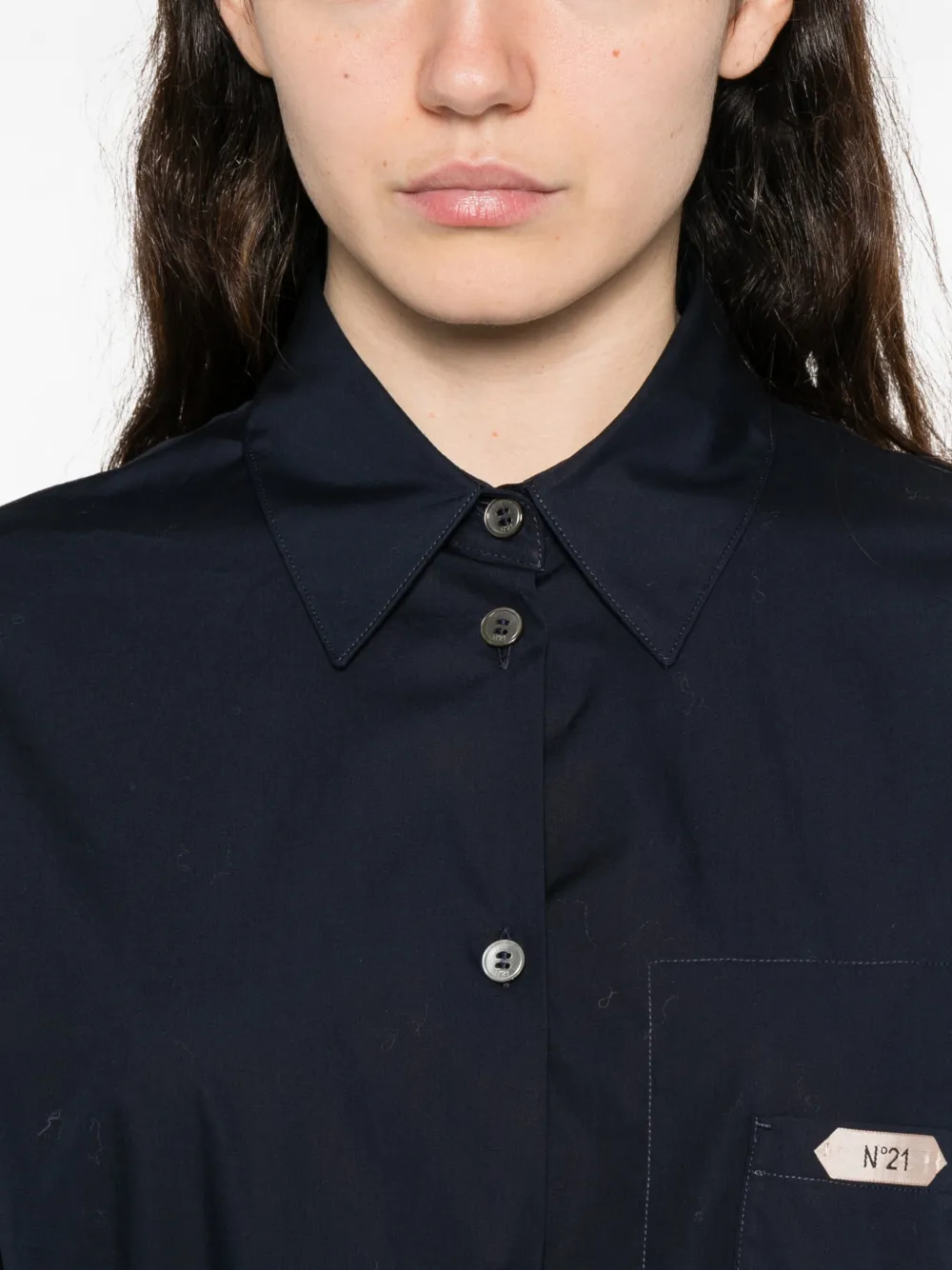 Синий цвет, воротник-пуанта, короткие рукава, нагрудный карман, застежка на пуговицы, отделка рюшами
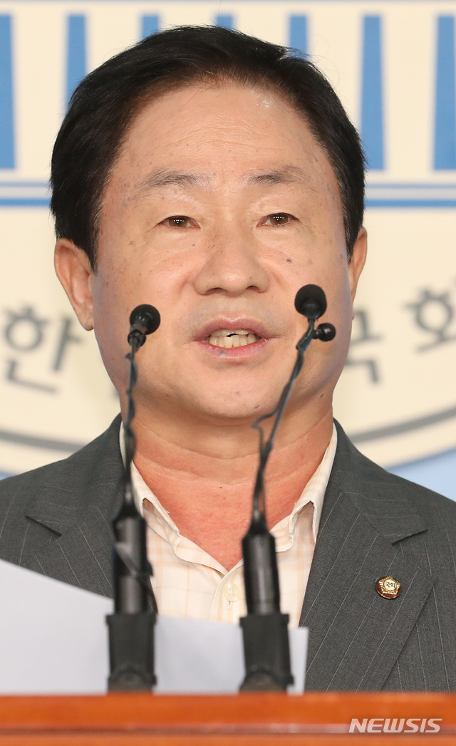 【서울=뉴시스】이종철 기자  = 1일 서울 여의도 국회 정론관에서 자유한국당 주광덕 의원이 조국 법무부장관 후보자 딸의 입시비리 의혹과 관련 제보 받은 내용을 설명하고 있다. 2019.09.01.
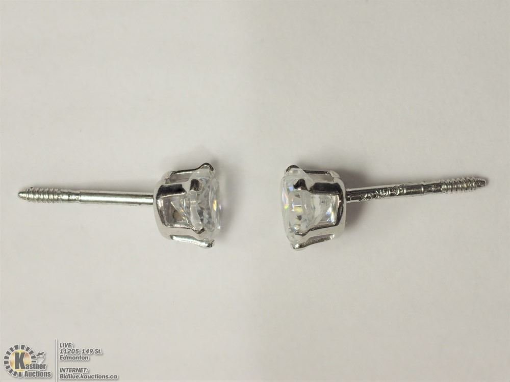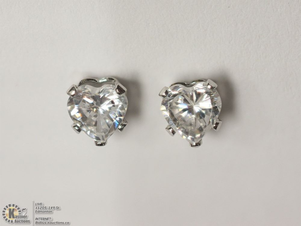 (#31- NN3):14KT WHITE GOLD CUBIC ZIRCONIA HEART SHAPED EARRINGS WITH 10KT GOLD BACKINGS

==

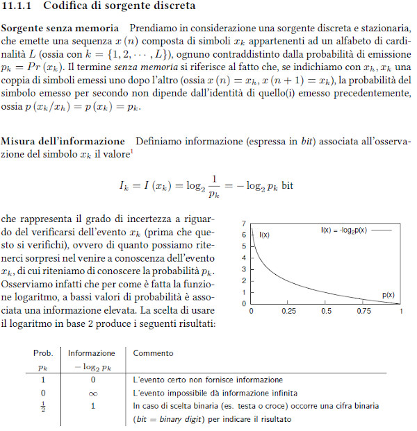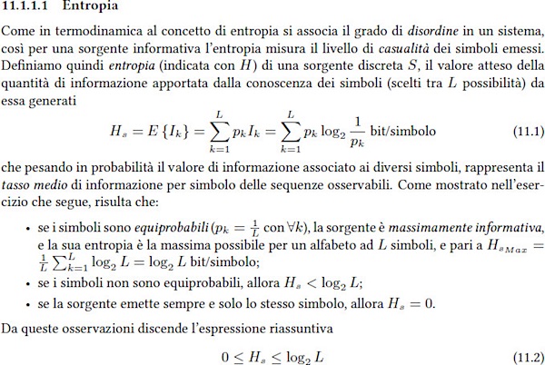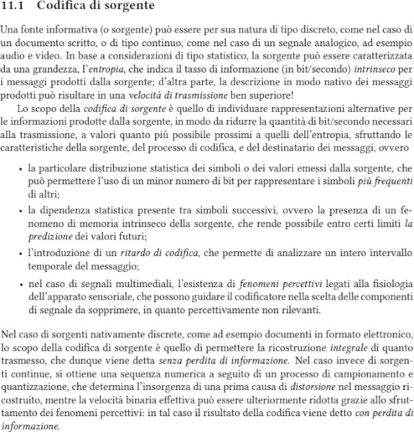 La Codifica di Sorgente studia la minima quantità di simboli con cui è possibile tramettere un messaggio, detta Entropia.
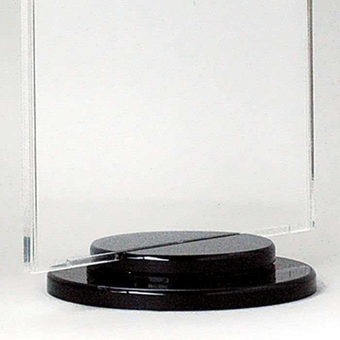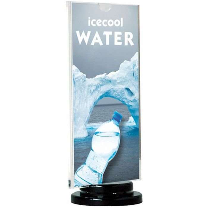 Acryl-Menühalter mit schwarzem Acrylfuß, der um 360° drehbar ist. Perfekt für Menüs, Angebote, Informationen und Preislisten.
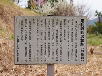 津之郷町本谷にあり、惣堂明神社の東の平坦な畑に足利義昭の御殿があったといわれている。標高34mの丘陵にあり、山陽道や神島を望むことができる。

» Work item: Copy word for word the lines of the records above from the one with "설명하고 있다. 2019.09.01." up to and including the one with "(#31- NN3):14KT WHITE". Skip the pictures.

» Written solution:
 【서울=뉴시스】이종철 기자  = 1일 서울 여의도 국회 정론관에서 자유한국당 주광덕 의원이 조국 법무부장관 후보자 딸의 입시비리 의혹과 관련 제보 받은 내용을 설명하고 있다. 2019.09.01.
 (#31- NN3):14KT WHITE GOLD CUBIC ZIRCONIA HEART SHAPED EARRINGS WITH 10KT GOLD BACKINGS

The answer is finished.